A former partner at an international firm who was struck off after he was found to have deliberately misled a High Court judge has lost his attempt to return to the profession.

Peter Gray, who worked from Gibson Dunn & Crutcher’s Dubai office, obtained a freezing order in 2013 on behalf of the Republic of Djibouti in a claim against businessman Abdourahman Boreh, who had been sentenced in his absence to 15 years over a grenade attack on a supermarket.

Gray was later found to have deliberately misled the High Court on the basis that he knew a transcript of a phone call involving Boreh – on which his conviction was based – was wrongly dated, so that the conversation occurred before the attack in Djibouti rather than afterwards.

After the discrepancy was discovered, Gray said in a meeting attended by Djibouti’s attorney general that they could ‘fudge the error of the date’ – which he argued on appeal was ‘not inevitably an indication of a dishonest strategy’. However, Mr Justice Flaux (as he then was) set aside the freezing order in 2015, saying: ‘Fudging the error of the date was not the conduct of a solicitor of integrity.’

Gray, 46, was found to have acted dishonestly and was last year struck off by the Solicitors Disciplinary Tribunal, which largely concurred with Flaux’s decision.

Simon Davenport QC, for Gray, told the High Court last month that the SDT was wrong to have relied on Flaux’s findings, many of which he said were ‘no longer supportable before the tribunal’.

‘By the time of the tribunal hearing, it could be absolutely demonstrated … that Mr Gray acted collaboratively and above all sought and took leading counsel’s informed approval and strategic direction at each and every stage,’ Davenport argued.

Gray also argued that the SDT had a ‘blanket reliance’ on Flaux’s findings despite the fact that ‘the factual picture was much changed’ by the time of the hearing before the tribunal.

But his appeal was dismissed by the High Court, with Mr Justice Linden ruling that ‘it plainly was not the case that the mind of the SDT was “poisoned” by the judgment of Flaux J or that it simply adopted his views without thinking’.

Gray’s reliance on evidence about the alleged involvement of Khawar Qureshi QC, who was instructed in relation to the freezing order application and was said to have ‘reached the same, honest, decisions’ as Gray, was also rejected by the court.

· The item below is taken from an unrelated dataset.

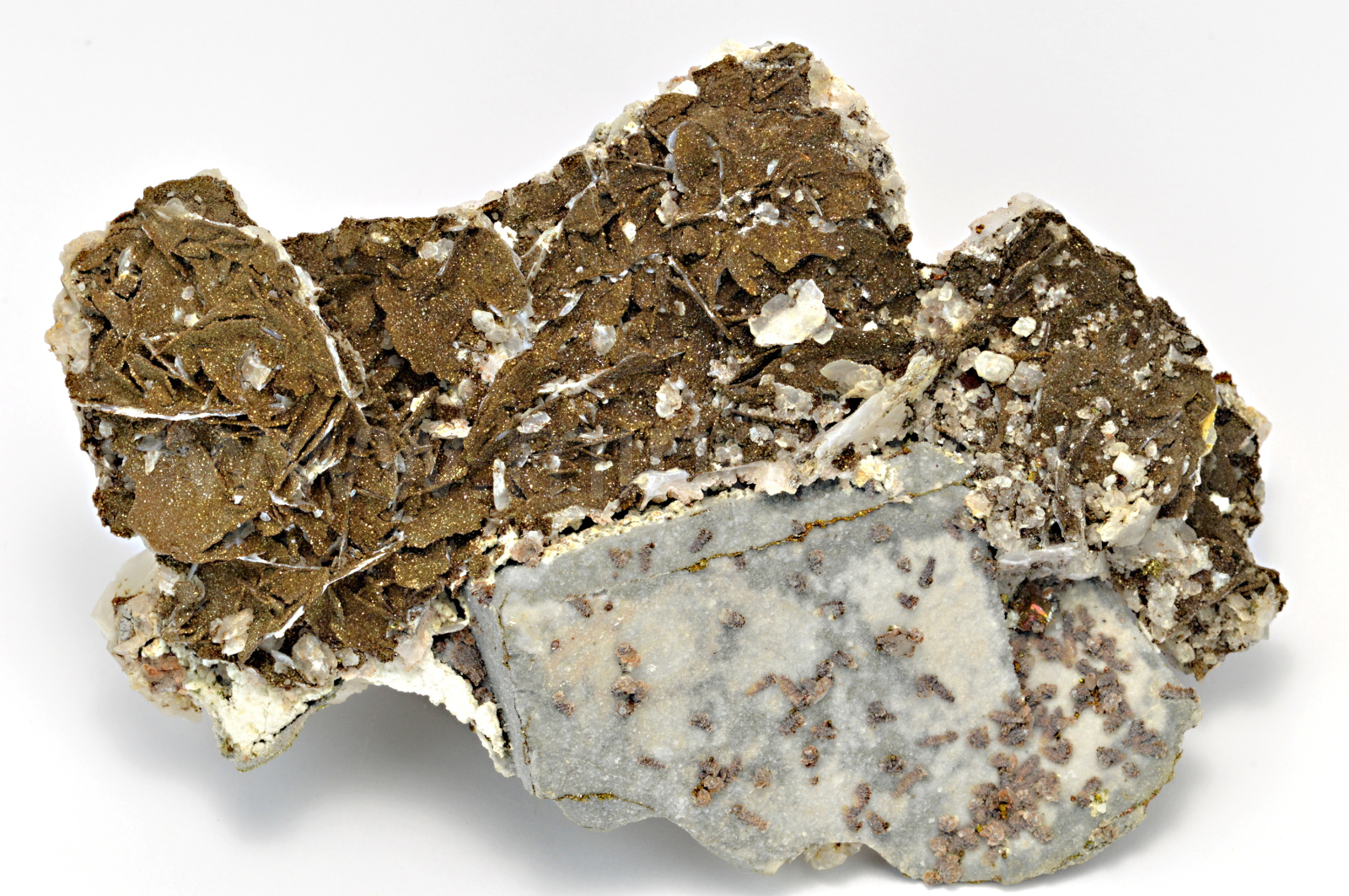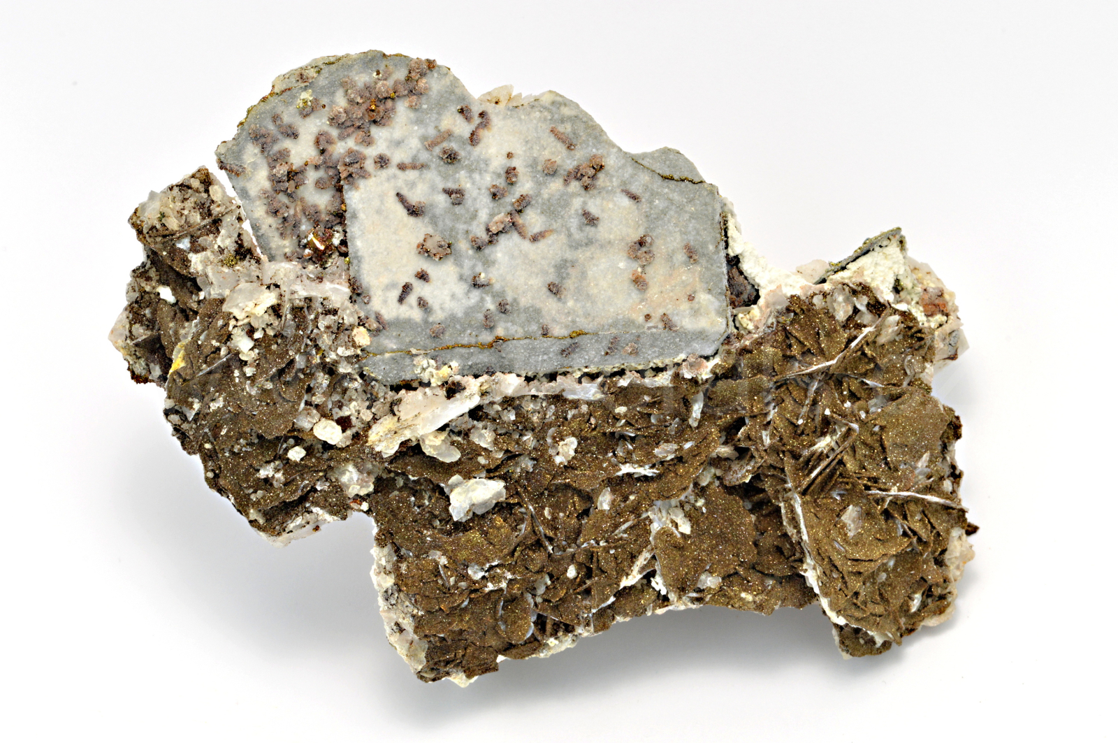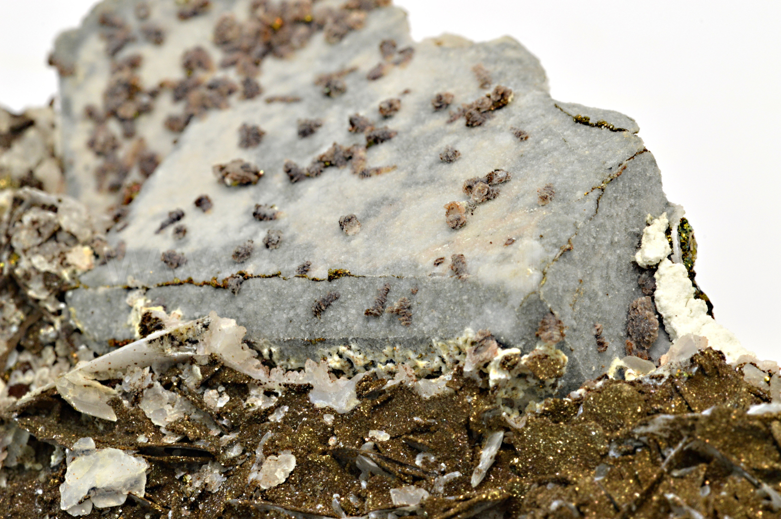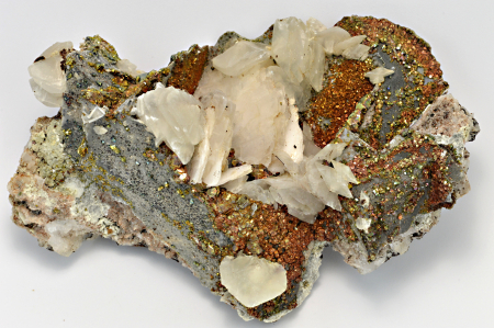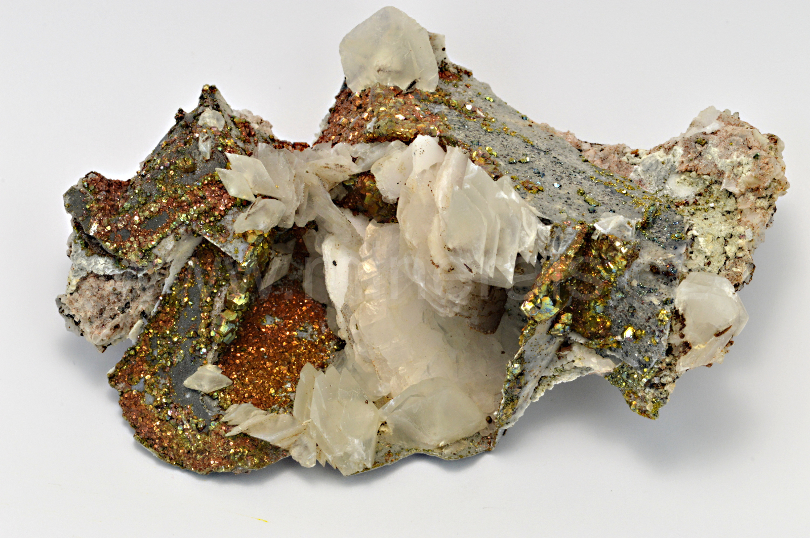 Kalcit kompletně pseudomorfuje kubické krystaly fluoritu. Vytváří mléčně bílé, matně lesklé, částečně průsvitné, kubické agregáty dosahující velikosti až 38 mm, které se navzájem prorůstají a na povrchu mají tenkou krustu z mikrokrystalického křemene. Tyto agregáty doprovází zlatavé, kovově lesklé krystaly pyritu a bezbarvé, bělavé krystaly kalcitu druhé generace. Na druhé starně jsou tenké stěny pseudomorfózy obrostlé zlatavými krystaly pyritu na které nasedají lístkovité krystaly kalcitu. Oboustranný vzorek. V dnešní době složitě dostupný materiál díky své lokalitě.

The judge said that Flaux’s findings ‘were not materially affected by the additional evidence’, adding: ‘Whatever leading counsel may or may not have known, understood, said or approved this did not absolve [Gray] of his personal responsibility not to mislead the court or to allow it to be misled.’

Linden also noted that Qureshi was ‘cleared of any misconduct or impropriety by the Bar Standards Board, which made a public apology to him for its handling of his case’.

Gray’s challenge to the £42,525 costs order made against him was also refused.